City council urges no layoffs
The Cambridge City Council unanimously passed two labor-related resolutions on Monday. The first requests that Harvard and MIT cease further layoffs as well as hour, salary, and pay cuts. The second requests that the Cambridge License Commission consider a regulation preventing Cambridge hotels from subcontracting housekeeping services.
Water main repaired
For three days, residents of Boston and surrounding communities have been advised to boil their water following a major water main break Saturday morning. Cambridge residents are not affected because the city receives its water from a different source.
Reed is new chairman
John S. Reed ‘61, SM ‘65 was recently nominated to chair of the MIT Corporation by the Executive Committee. Pending his election to the Corporation on June 4, Reed will succeed Dana G. Mead PhD ’67, who is stepping down as Corporation chair at the end of June.
Unions and students hold ‘solidarity’ event
Last Friday, members and representatives from three MIT-affiliated unions came together in a student-worker solidarity gathering to discuss the current conditions facing MIT workers.

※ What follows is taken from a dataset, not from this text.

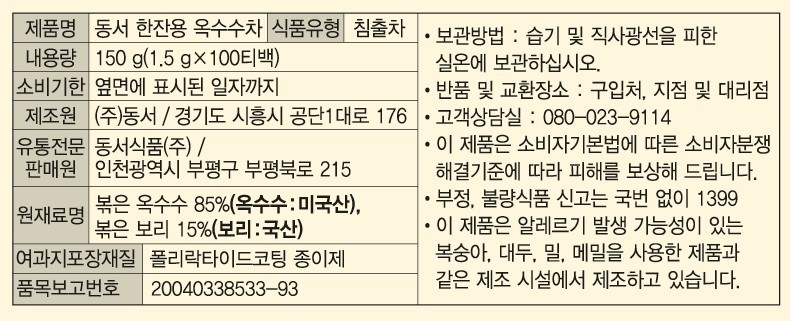 | 포장단위별 내용물의 용량(중량), 수량 | 컨텐츠 참조 x 5개 | 원재료명 및 함량 | 컨텐츠 참조 |
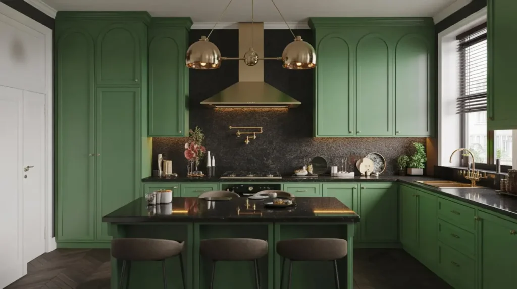If you’re a fan of rich, jewel-toned colors and want a kitchen that feels unique and deeply personal, this one’s for you. The combination of black granite, deep green cabinets, and warm brass or gold hardware is a design trifecta that is simply breathtaking. It’s sophisticated, a little bit vintage, and oozes personality.

Present at the meeting were representatives from the MIT Police Association, Service Employees International Union (SEIU) Local 615, and the Research, Development, and Technical Employees Union as well as Cambridge City Councilor E. Denise Simmons.
INTERVIEW Leland Cheung’s plan for Cambridge
Leland Cheung, an MBA/MPA student at MIT Sloan School of Business and Harvard Kennedy School of Government, was elected to the nine-member Cambridge City Council in November last year and is currently serving a two year term. In addition to being the first student to be elected to a seat on the council, Cheung is also the council’s first Asian-American member.